The single resolution mechanism agreement is said to be crucial to the continuing stability of the euro, but no-one would guess that from the way that it has been bodged together. Still, for all the SRM’s faults, the European Parliament was right to not examine the joins too closely and let this through.
The first question about the SRM is what, in practice, it actually changes. The European Commission already controls bank resolution if any state aid is involved. That function will continue indefinitely although the SRM comes into force on 1 January, 2015. The resolution funds will be built up to €55 billion over some years which, again, may not really move the needle should a big bank fail.
What is clear is that the complexity of the proposals, and the rushed legislation, were a bad way to make law.

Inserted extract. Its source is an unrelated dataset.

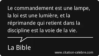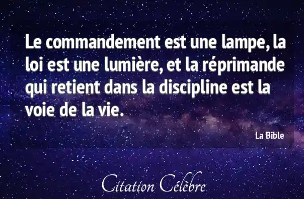 Le commandement est une lampe, la loi est une lumière, et la réprimande qui retient dans la discipline est la voie de la vie.

However, an agreement was reached and the scheduled review in 2016 can sweep up any nasty failings that do come to light in the interim.
How messy was it? German Finance Minister Wolfgang Schäuble reportedly said: “I can say the European Parliament has to make a lot of moves, otherwise we will not get a decision …and then we will have no regulation”. The Germans wanted European finance ministers to have more say in the resolution process and to minimise the cost of the fund. The European Parliament disagreed. At the same time, the imminent dissolution of the European Parliament before the elections in May was ratcheting up the pressure. That the deal was, in the end, done came down to several major factors.